Let’s start with OLEDs. While this is both a success story so far, and there is a herd mentality to rush to build OLED fabs, it is far from certain that Samsung’s early success can be replicated by the industry. There is a battle underway for which backplane is best, LPTS or IGZO, and a there is a battle in the front plane approach (RGB OLED vs. white OLED and color filters). Not only is this a technology battle, but serious challenges remain in scaling the processes for larger panels and cost effective manufacturing.
Samsung’s OLED panels are believed to sell for quite a bit more than comparable LCD panels. That may offer some strategic value in the early stages of the market, but ultimately they will have to beat LCD on price and performance if they hope to win. As noted in David Barnes Display Daily column (LCD Beats CRT, or the Woes of the Display Industry), LCDs have beaten CRTs but at the price of becoming a commodity.
Compounding the problem, we may now be seeing a serious threat to OLED coming from LCDs with quantum dot technology. Many of the advantages of OLED are being eaten up by LCDs – just as they have every other challenger. Is the window for OLED closing?
Further, many of the display growth markets are now mature, like PCs and TVs. Grow is flat or declining. Yes, tablets and smartphone panels are coming on strong, but they don’t produce the display panel area growth that will be needed.
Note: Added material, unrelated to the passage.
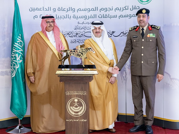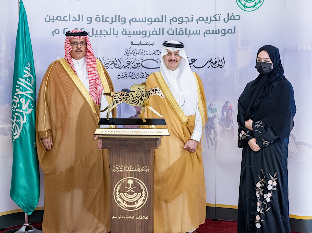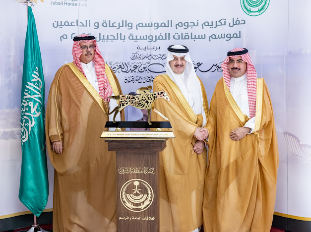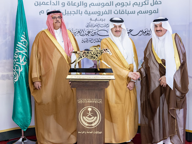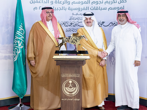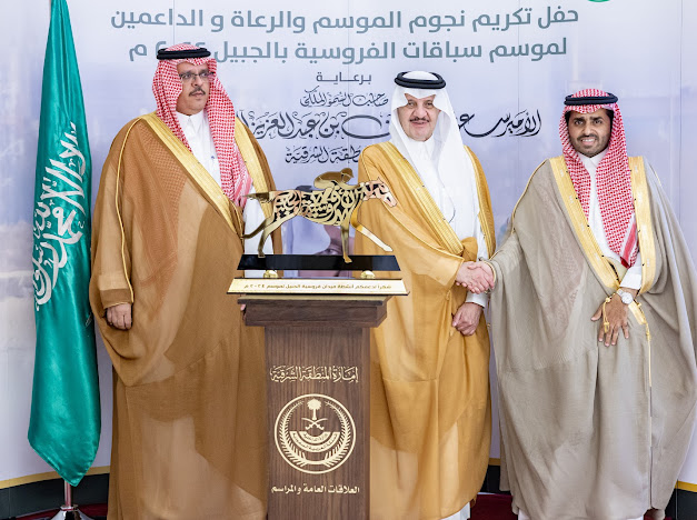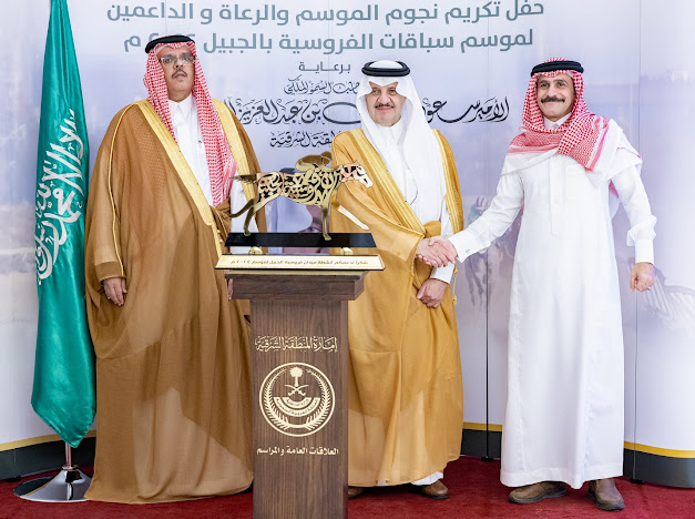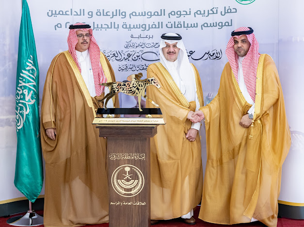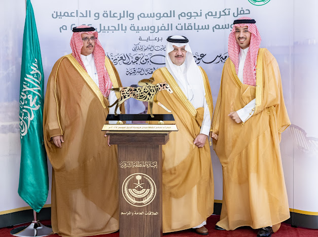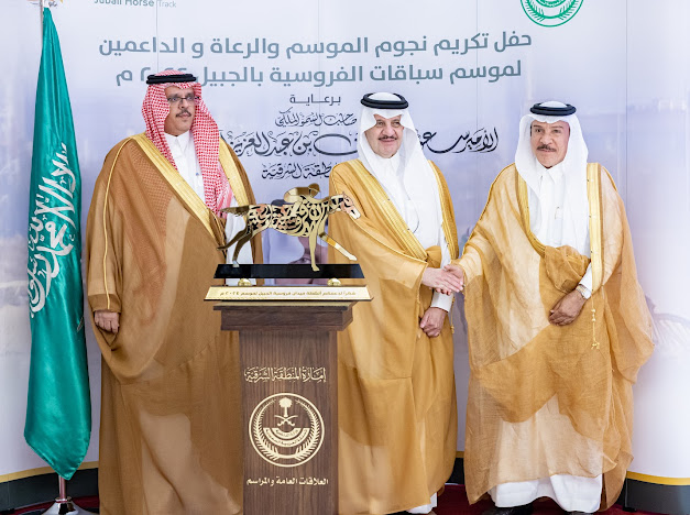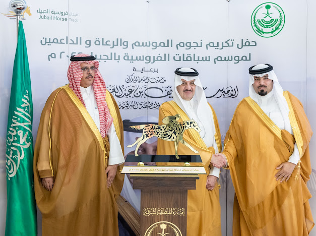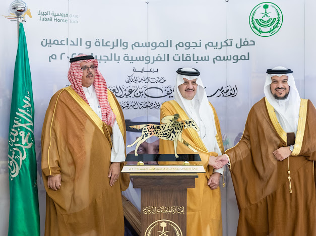 رعى صاحب السمو الملكي الأمير سعود بن نايف بن عبدالعزيز أمير المنطقة الشرقية (حفظه الله) صباح اليوم حفل ساحة الجبيل للفروسية لعام 2024م، بحضور سمو أمير الجبيل ورئيس مجلس إدارة ساحة الجبيل للفروسية وأعضاء المجلس والرعاة والداعمين، كما كرم الفائزين والداعمين.
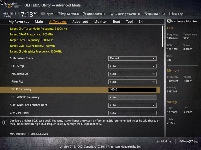 | CPU Core Ratio (Multiplier) | 8–80 | 1 |

Investment and the crystal cycle is another concern for the industry. Currently there is too much capacity chasing too little demand. In a rational market, that means producers slow production and stop or delay investment in new plant and equipment. But the display industry does not act very rationally. National political agendas can trump economic rational leading to an “arms race” in displays. Producer A wants to slow production and delay a fab, but fears producer B won’t act rationally and will continue to invest and produce. That’s the market share game panel makers have pursued for well over a decade. Fear or policy drive decisions. That has resulted in what Barnes calls “a charity display industry.” At some point, the irrational forces driving the market decisions cause the bubble to burst.
This may be exactly the situation we are in. That’s why I am a bit worried and why IHS Business Conference organizer Sweta Dash called for the industry to cooperate.
So, the display industry can continue down the path it has been following – and expect the same results. Or, it can try to genuinely change the game – first by making business decisions, not political decisions, and secondly, by focusing on cooperation and technology integration in the display solution space. There is some great technology out there that does not cost billions to add significant value to the industry. Many we should turn away from a focus on the multi-billion dollar bets and make a lot more multi-million dollar bets. That’s my food for thought for the day.